Stop training more models, start deploying them

We are hardly living up to the promises of AI in healthcare. It’s not because of our training, it’s because of our deployment.

By Maurits Kaptein, Tilburg University


(photo credit: Michael Pardo)


The rumours that AI (and ML) will revolutionise healthcare have been around for a while [1]. And yes, we have seen some amazing uses of AI in healthcare [see, e.g., 2,3]. But, in my personal experience, the majority of the models trained in healthcare never make it to practice. Let’s see why (or, scroll down and see how we solve it).


Note: The statement ”the majority of the models trained in … never make it to practice” is probably true across disciplines. Healthcare happens to be the one I am sure about.


Developing models in healthcare

Over the last decade, I have developed AI methods allowing computers to learn “what works for whom”. I have worked on Bandit problems [e.g., 4] with applications in online marketing [5], thus learning “which product to show to whom”. More recently I became interested in “which treatment works for which patient?”; partly using the same data science methods, but this time with a positive impact.

For example, together with Lingjie Shen, I spend the last two years collaborating with the Dutch Cancer Registry (NCR).

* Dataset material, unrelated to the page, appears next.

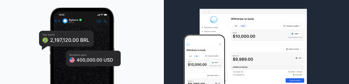 • Gömülü Ramp: 20 satır JavaScript ile kullanıcıların fiat para birimleri üzerinden stablecoin almasını veya satmasını sağlar; KYC, fiat ray’leri ve uyumluluk Sphere tarafından yönetilir.

The great folks at NCR maintain detailed records containing the progression of cancer cases in the Netherlands. The registry contains the background characteristics of patients, their treatment (e.g., chemo-therapy yes or no) and the outcome (2 or 5 year mortality). It takes a lot of curation to get this data from the various hospitals, but the NCR, in the end, provides a clean and well-documented collection of cases. We worked with an excerpt from the registry containing over 50.000 patients suffering from colon cancer and whose tumor was surgically removed. After removal of the tumor there is debate on whether or not to administer chemo-therapy; while most randomized controlled trials (RCTs) show a positive effect, this seems to vary widely between patients and tumor types [6].

We set out to study whether we could learn which patients should receive adjuvant chemotherapy. A simple approach would be to fit a flexible supervised learning model to predict the 5-year survival rates. So we did, using Bayesian Additive Regression Trees [7]. However, clearly, this not suffice: the NCR data describes real-live cases as they are treated in the hospital: the treatment assignment could well be severely confounded. We might be mixing up causes for effects. To counter this, we examined various methods of controlling for this confounding. We ended up comparing our estimates to estimates from a large RCT. This allowed us to validate our “correction model”.

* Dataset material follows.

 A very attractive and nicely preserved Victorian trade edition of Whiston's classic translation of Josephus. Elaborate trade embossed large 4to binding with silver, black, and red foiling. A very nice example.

In the end, these steps allowed for “imputing the counterfactuals” [8]. We created a dataset containing the outcomes that we expected under treatment and under no-treatment for each and every patient. This allowed for generating personalized treatment rules [9]: we could finally say which treatment works for whom.

The three paragraphs above took over a year and required coordination between our team, the NCR, and a number of participating oncologists. Eventually, the project gave us an AI (or what-shall-we-call-it) model that, given a feature vector, determines the optimal treatment choice. That awesome result, however, brings up the logical next question; how do we make sure this model is actually used by healthcare professionals?

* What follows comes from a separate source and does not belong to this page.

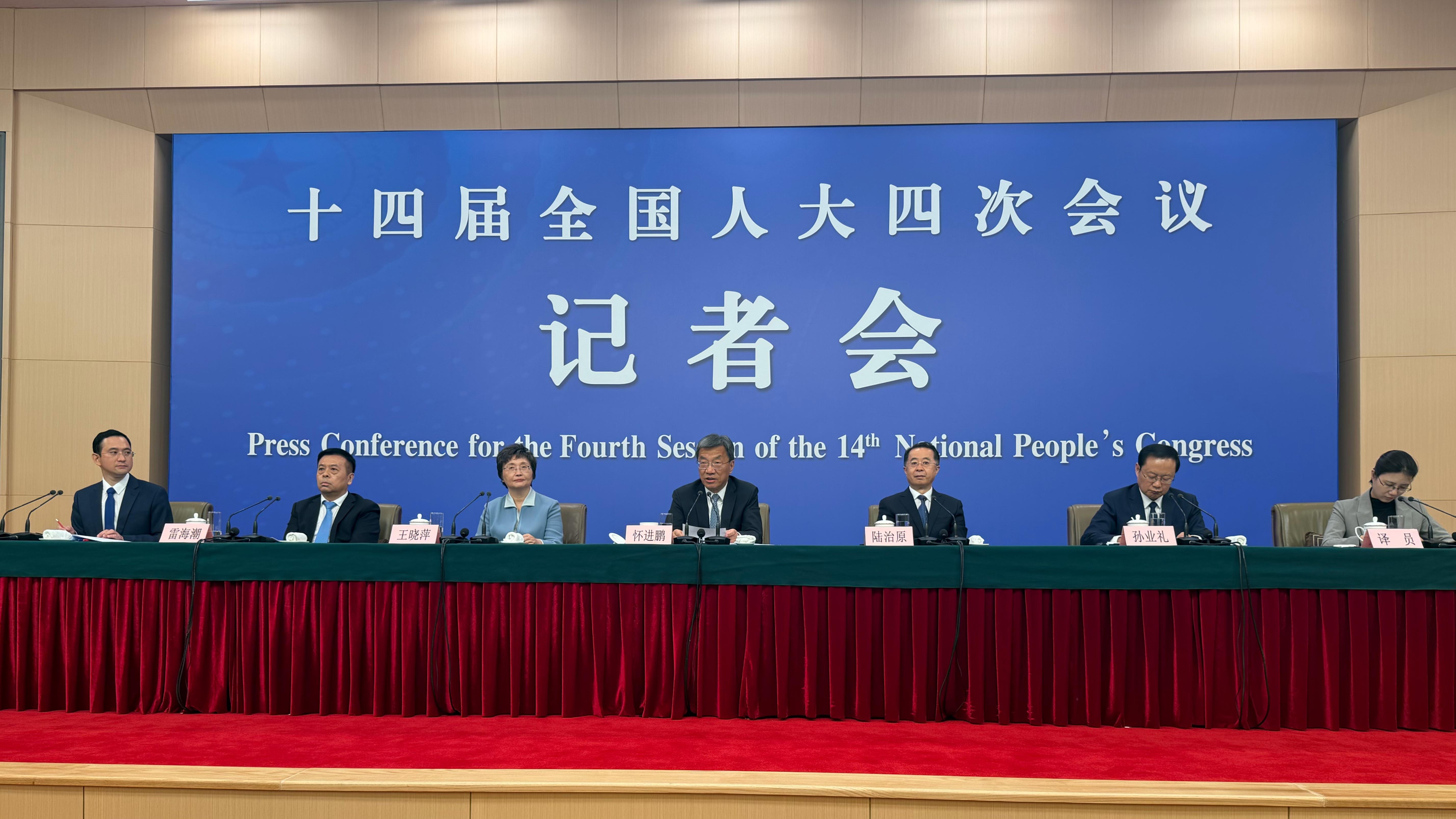 3月7日,十四屆全國人大四次會議在梅地亞中心舉行民生主題記者會。教育部部長懷進鵬、民政部部長陸治原、人力資源社會保障部部長王曉萍、文化和旅游部部長孫業(yè)禮、國家衛(wèi)生健康委員會主任雷海潮就就業(yè)、養(yǎng)老、文旅等相關(guān)問題答記者問。????

Models never leave their notebook

To find out, I decided to talk to those who had experienced the problem before. So, I about a year ago, I started conversations with the great people at NCR: “How do you deploy the models that you, and the researchers that use your data, train?” Cutting a long answer about public APIs, regulation, privacy, and cultural and organizational hurdles short, they hardly do. It proved to be extremely hard to deploy models.

And, it was not just NCR; I talked to Data Scientists at various health insurers. Same problem. They train models and validate them, but it’s hard to deploy them into healthcare practice. I talked to Dutch scientific funding sources: yes, they fund the training of models for various healthcare applications routinely. But, actually deploying these models is challenging, and most projects don’t make it past “the notebook stage”: a nice demonstration of the validity and usefulness of the model, but no impact in practice.

The bottom line here is that it was not just me, a researcher, who was failing to move trained models to production. It's omnipresent and it is hurting our ability to truly improve the lives of patients.


Training and deployment are different

So, we have a problem on our hands: how do we move models to production? Now, the answer to this question is going to be complicated; it will take more than just a technological solution. But, I happen to find the technological problem(s) interesting, so let’s focus on those for now.

In my view, a major hurdle in deploying models is caused by the vastly different requirements that we have for model training and model deployment. Let’s look at a few:

  • Data collection and curation: During training, we like to work with curated datasets that are exported from the primary process. This is clear in the NCR example: the data involved has been surgically removed (no pun intended) from the electronic patient records in various hospitals. In production, however, we are faced with the data as it is collected. We need to be able to deal with the (raw) data from individual patients.
  • Experimenting and exploring: During training, we like tools that allow us to quickly explore and pre-process our data. We like to easily draw up plots, create new feature vectors, and visualize our results. In production we don’t need these tools; we just need to make sure that the inferences are generated quickly and reliably.
  • Memory usage and computational performance: During training, we like to have access to our whole dataset to train our models. We like to make sure that model parameters are quickly learned (using e.g. GPUs). We need big storage, and fast machines to crank away at our problems, but we often have a few minutes to spare. In production, however, we only need to evaluate a single example at the time, but this evaluation needs to be done quickly (leading to low latency and low computational costs). In production, we need lean and efficient code.
  • Portability: During training, we really only need things to work on our own machine. In deployment things are very different; we would like a vast number of consumers to use our models, likely using a whole range of different systems. Thus, we should either provide access to our models using standardized interfaces, or we should make sure our models can run anywhere, anytime. The latter is hugely important in a health context as often we would like to send models to the data source instead of sending data to some external server.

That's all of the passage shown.